The MacDougals suffered again in 1715, when, as Sir Walter Scott puts it in a note to The Lord of the Isles, "their representative incurred the penalty of forfeiture for his accession to the insurrection of that period, thus losing the remains of his inheritance to replace upon the throne the descendants of those princes whose accession his ancestors had opposed at the expense of their feudal grandeur." At that time the strength of the clan is said to have been five hundred fighting men, though, according to President Forbes’ report, it was reduced thirty years later to two hundred.

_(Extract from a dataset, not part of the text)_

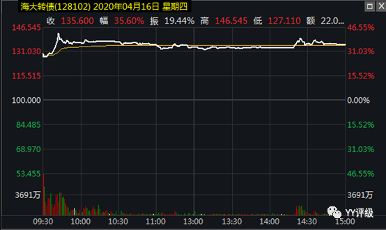 案例1:海大轉(zhuǎn)債2020年4月16日上市,按正股開盤價計算轉(zhuǎn)股價值為119.72,但轉(zhuǎn)債開盤后價格一度砸到將近127,量還不小。海大集團當時的正股走勢很強,基本面也很好,這樣的優(yōu)質(zhì)標的,價格130以下,轉(zhuǎn)股溢價率10%以下,是一級投資者出貨才砸出來的機會。
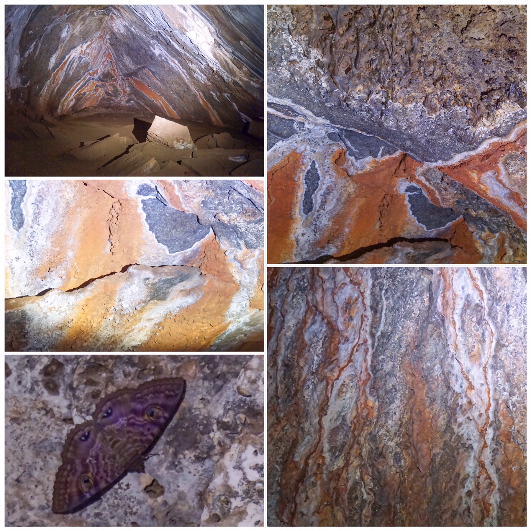 Fortunately for us, today was not that day, and we lived to explore another tunnel, this one around 1.3km in length, winding its way along an old watercourse. Bats, moths, cockroaches and cane toads are among the known (and seen) residents of these tunnels, and the colours are fabulous.

The chapter of the family history which followed is as romantic as anything in the memory of the Highlands. The head of the family fled to France, and his son would have been destitute had it not been for a member of the clan, at that time keeper of a public house in Dunbarton, who took the young chief into his house, and maintained and educated him till his sixteenth year. The lad proved clever and intelligent, and turned whatever advantages be possessed to good account. When the Jacobite rising of 1745 was afoot it was expected that Prince Charles Edward would land near Oban. Instead, as is well known, he disembarked at Lochnanuagh in Arisaig. Word of his landing was sent to MacDougal by Stewart of Appin, and MacDougal ordered his brother to have the clan ready to rise while he himself went to consult the Chamberlain of the Earl of Breadalbane. This individual threw cold water on the enterprise, pointing out that Charles had not kept his promise either as to his place of landing or in the matter of bringing forces to support his cause. MacDougal then proceeded to interview the Duke of Argyll at Rosneath. While awaiting the interview there he saw a horseman arrive at full gallop. Shortly afterwards the Duke, entering the apartment, map in hand, asked MacDougal to point out Lochnanuagh. MacDougal quickly perceived that the secret was known, and seized the opportunity of being the first to give details. By the Duke’s advice he took no part in the rising, and his reward was the restoration of the estate of Dunolly, which his father had lost.

Such was the story told by a relation of the family at Dunstaffnage to Sir Walter Scott when he visited the neighbourhood in 1814.